Естественно, что при таких общих заданиях университетской науке профессора медицинского факультета должны были «принять все возможные меры, дабы отвратить то ослепление, которому многие из знатнейших медиков подвергались от удивления превосходству органов и законов животного тела нашего, впадая в гибельный материализм». Во избежание этого профессор анатомии должен был «находить в строении человеческого тела премудрость творца, создавшего человека по образу и подобию своему». В анатомической аудитории Московского университета Пирогов застал выведанную у самого потолка, вдоль всей стены, надпись огромными золотыми буквами: «Руце твоя создаста мя и сотвориста мя, вразуми мя и научи мя заповедем твоим».

От цензуры требовалось, чтобы она рассматривала медицинские учебники в отношении нравственном, ибо, по мудрому рассуждению начальства, «когда науки математические и даже география несут часто на себе отпечаток неверия, могут ли не подлежать строжайшему надзору творения медицинские, в коих рассуждения о действиях души на органы телесные и о возбуждении в теле различных страстей подают обильные способы к утверждению материализма самым косвенным и тонким образом».

В связи с такой религиозной установкой Магницкий поднял вопрос об отказе от «мерзкого и богопротивного употребления человека, созданного по образу и подобию творца, на анатомические препараты». В целом ряде высших медицинских школ стали преподавать анатомию без трупов, иллюстрируя учение о мышцах на платках. Развивая это благочестивое начинание, непосредственно подчиненные Магницкому казанские профессора «решили предать земле весь анатомический кабинет с подобающей почестью; вследствие сего, — рассказывает современник, — заказаны были гробы, в них поместили все препараты, сухие и в спирте, и после панихиды, в параде с процессией, понесли на кладбище».

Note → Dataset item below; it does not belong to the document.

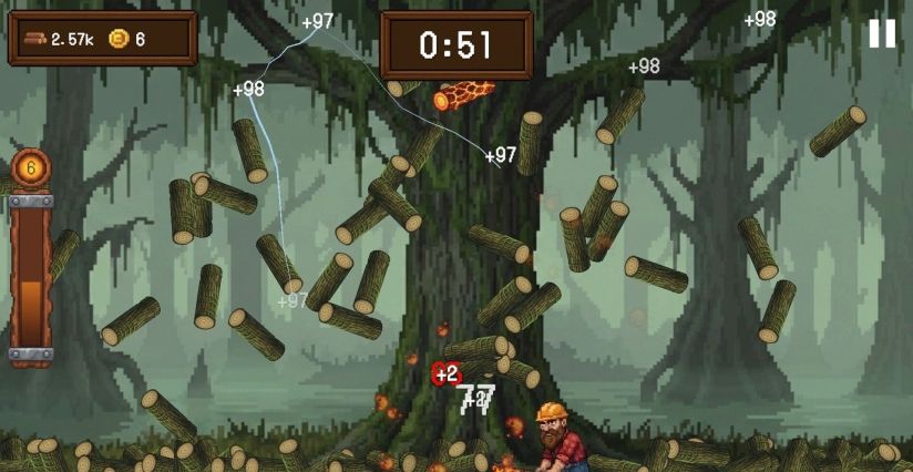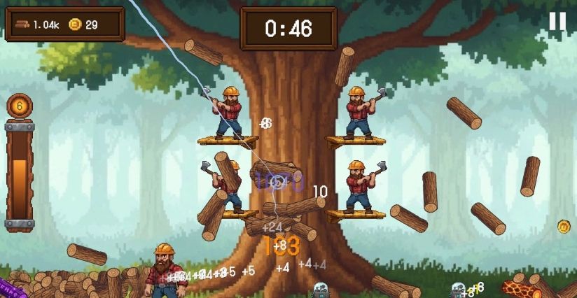 疯狂挥砍一棵巨大的树木,让原木、金币和强化道具倾泻而下。

При такой постановке дела министерство заботилось о подборе преподавателей, соответствующих помещичьему «закону» и «христианскому благочестию». И достигло значительных результатов. Ко времени поступления Пирогова в Московский университет там собралась группа профессоров, по словам современника, «отражавшая дух келий и лампады как на языке, так и на одежде и самом образе жизни». В мемуарах студентов первой четверти XIX столетия представлена галерея удивительных профессорских типов, из которой извлекаю несколько наиболее ярких; остановлюсь подробнее на непосредственных учителях Пирогова.

Вот ординарный профессор славянского языка и словесности, теории изящных искусств и археологии Матвей Гаврилович Гаврилов, по словам его официального биографа, неоднократно за свои заслуги перед наукой «награждаемый благоволением начальства». Он обучал своих слушателей славянскому языку посредством одного только упражнения и чтения божественных книг, преимущественно житий святых; обширная часть его курса была посвящена чтению жития св. мучениц Минодоры, Митродоры и Нимфодоры; а когда аудиторию Гаврилова посещал попечитель университета, то профессор проникался благоговейным ужасом, дрожащими ногами сходил с кафедры и преклонялся перед величием начальника; напрасно набожный попечитель просил лектора продолжать занятия: после столь сильных переживаний Гаврилов не способен был читать даже житие святых.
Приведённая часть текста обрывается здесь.